> What the exercise asks
Beginning with the line that holds "includes an entire" in the data below, give again every line through the one that holds "From left, VGCC", exactly as written.

> Dataset excerpts
-=-=-

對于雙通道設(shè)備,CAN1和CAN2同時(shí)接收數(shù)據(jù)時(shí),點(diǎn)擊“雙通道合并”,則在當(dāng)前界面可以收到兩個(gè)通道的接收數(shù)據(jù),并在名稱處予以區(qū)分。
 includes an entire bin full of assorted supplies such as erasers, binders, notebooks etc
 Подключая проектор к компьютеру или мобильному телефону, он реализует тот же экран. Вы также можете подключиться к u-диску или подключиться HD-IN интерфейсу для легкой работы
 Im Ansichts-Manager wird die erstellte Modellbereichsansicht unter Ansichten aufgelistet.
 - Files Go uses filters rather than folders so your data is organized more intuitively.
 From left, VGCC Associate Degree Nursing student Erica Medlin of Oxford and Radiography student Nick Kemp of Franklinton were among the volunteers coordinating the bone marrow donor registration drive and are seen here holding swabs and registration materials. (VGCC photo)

-=-=-

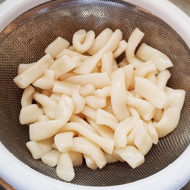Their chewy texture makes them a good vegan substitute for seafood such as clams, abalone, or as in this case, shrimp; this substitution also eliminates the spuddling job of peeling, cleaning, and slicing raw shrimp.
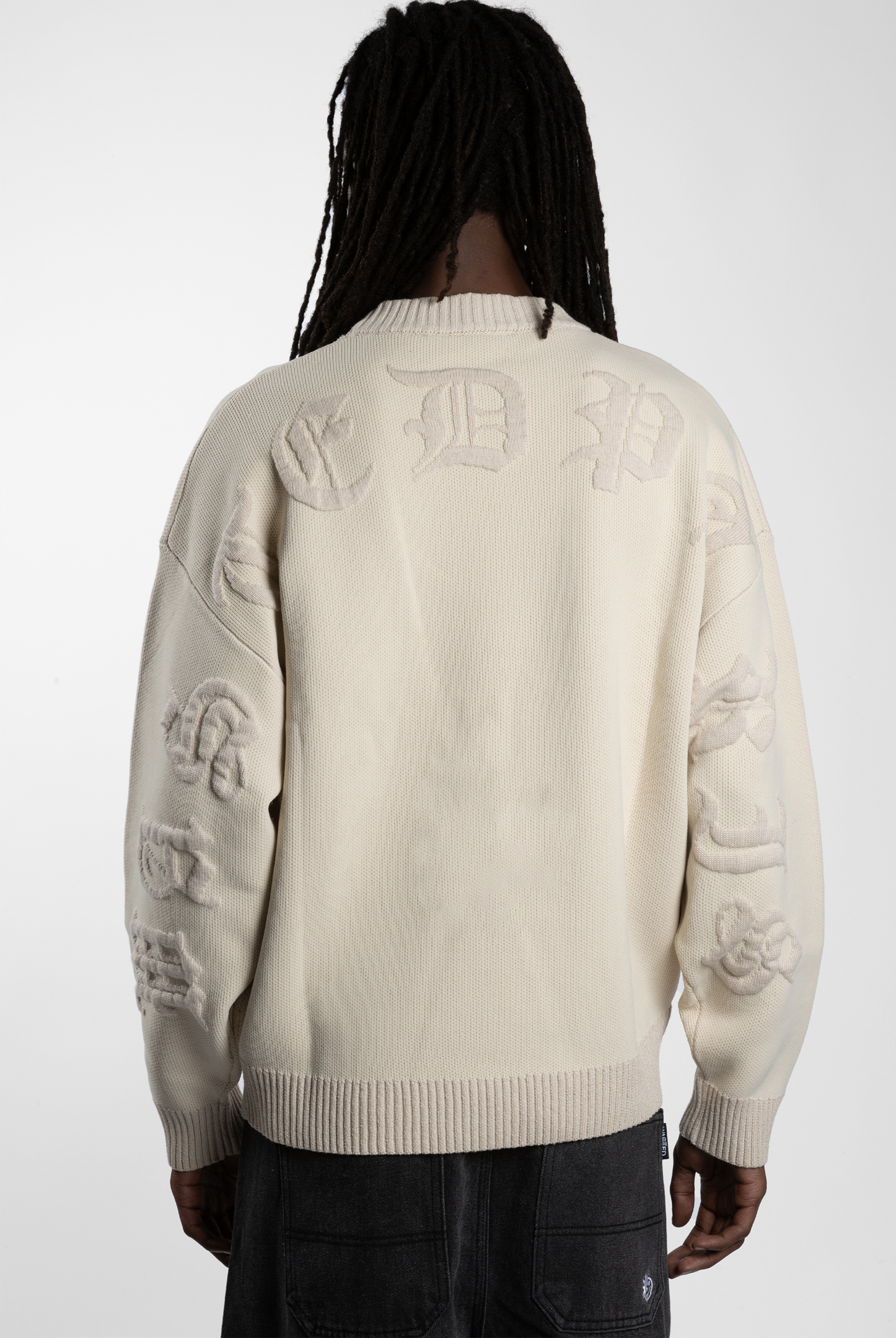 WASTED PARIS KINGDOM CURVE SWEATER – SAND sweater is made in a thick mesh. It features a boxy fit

-=-=-

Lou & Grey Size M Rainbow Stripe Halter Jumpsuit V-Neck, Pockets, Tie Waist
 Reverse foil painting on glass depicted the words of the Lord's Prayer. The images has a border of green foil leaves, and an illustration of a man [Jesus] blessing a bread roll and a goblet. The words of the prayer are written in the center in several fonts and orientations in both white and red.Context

-=-=-

> Task response
 includes an entire bin full of assorted supplies such as erasers, binders, notebooks etc
 Подключая проектор к компьютеру или мобильному телефону, он реализует тот же экран. Вы также можете подключиться к u-диску или подключиться HD-IN интерфейсу для легкой работы
 Im Ansichts-Manager wird die erstellte Modellbereichsansicht unter Ansichten aufgelistet.
 - Files Go uses filters rather than folders so your data is organized more intuitively.
 From left, VGCC Associate Degree Nursing student Erica Medlin of Oxford and Radiography student Nick Kemp of Franklinton were among the volunteers coordinating the bone marrow donor registration drive and are seen here holding swabs and registration materials. (VGCC photo)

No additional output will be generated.